Prompt ::
Beginning with the line that holds "Mladé sestry Vi", copy each line through the end of the material below, exactly and with no pictures.

Source material ::

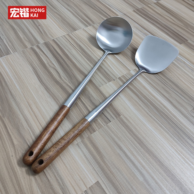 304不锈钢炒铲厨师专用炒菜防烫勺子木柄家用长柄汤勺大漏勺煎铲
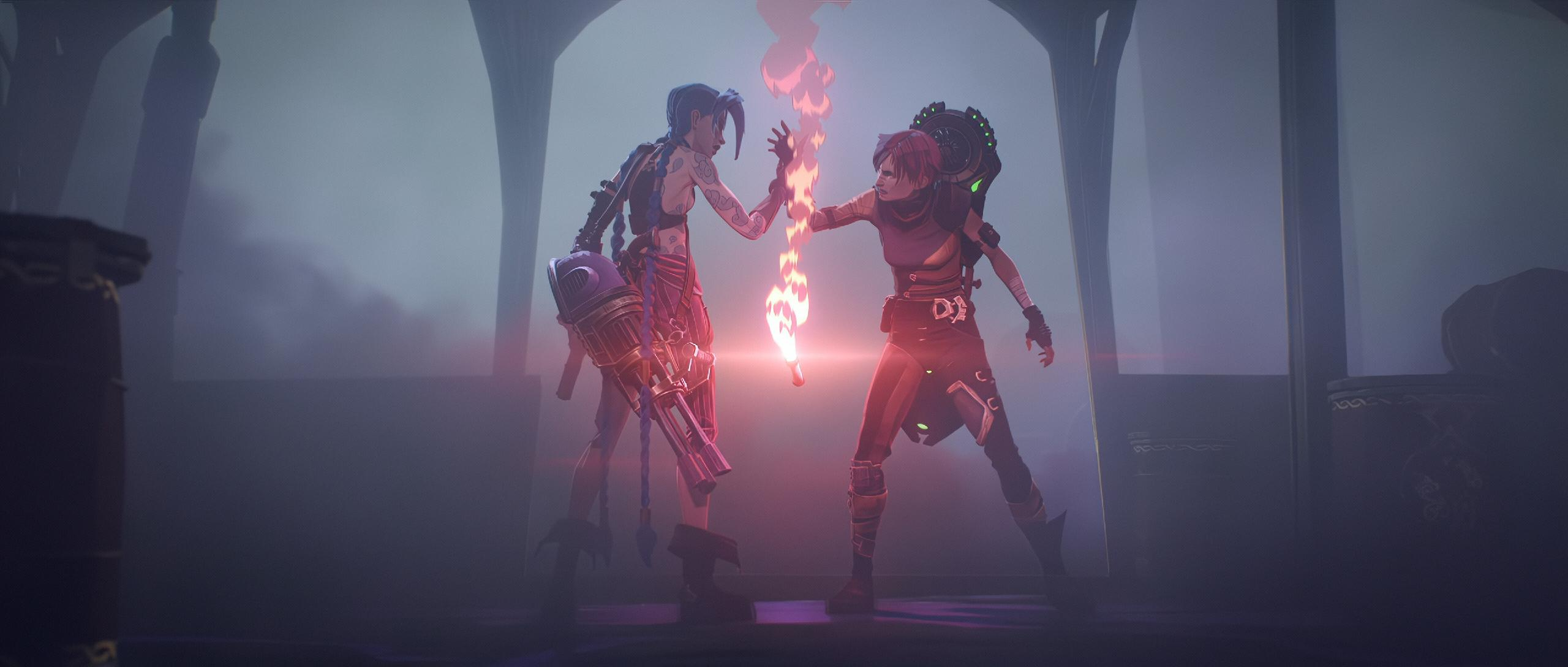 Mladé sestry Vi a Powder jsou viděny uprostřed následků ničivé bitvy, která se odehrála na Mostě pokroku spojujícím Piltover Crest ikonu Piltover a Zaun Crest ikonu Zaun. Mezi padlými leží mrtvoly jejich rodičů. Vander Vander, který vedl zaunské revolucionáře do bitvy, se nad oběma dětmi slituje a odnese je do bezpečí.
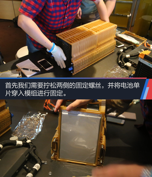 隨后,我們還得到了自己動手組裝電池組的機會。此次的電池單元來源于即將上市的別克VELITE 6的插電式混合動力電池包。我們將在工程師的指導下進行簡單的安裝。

Answer to this task ::
 Mladé sestry Vi a Powder jsou viděny uprostřed následků ničivé bitvy, která se odehrála na Mostě pokroku spojujícím Piltover Crest ikonu Piltover a Zaun Crest ikonu Zaun. Mezi padlými leží mrtvoly jejich rodičů. Vander Vander, který vedl zaunské revolucionáře do bitvy, se nad oběma dětmi slituje a odnese je do bezpečí.
 隨后,我們還得到了自己動手組裝電池組的機會。此次的電池單元來源于即將上市的別克VELITE 6的插電式混合動力電池包。我們將在工程師的指導下進行簡單的安裝。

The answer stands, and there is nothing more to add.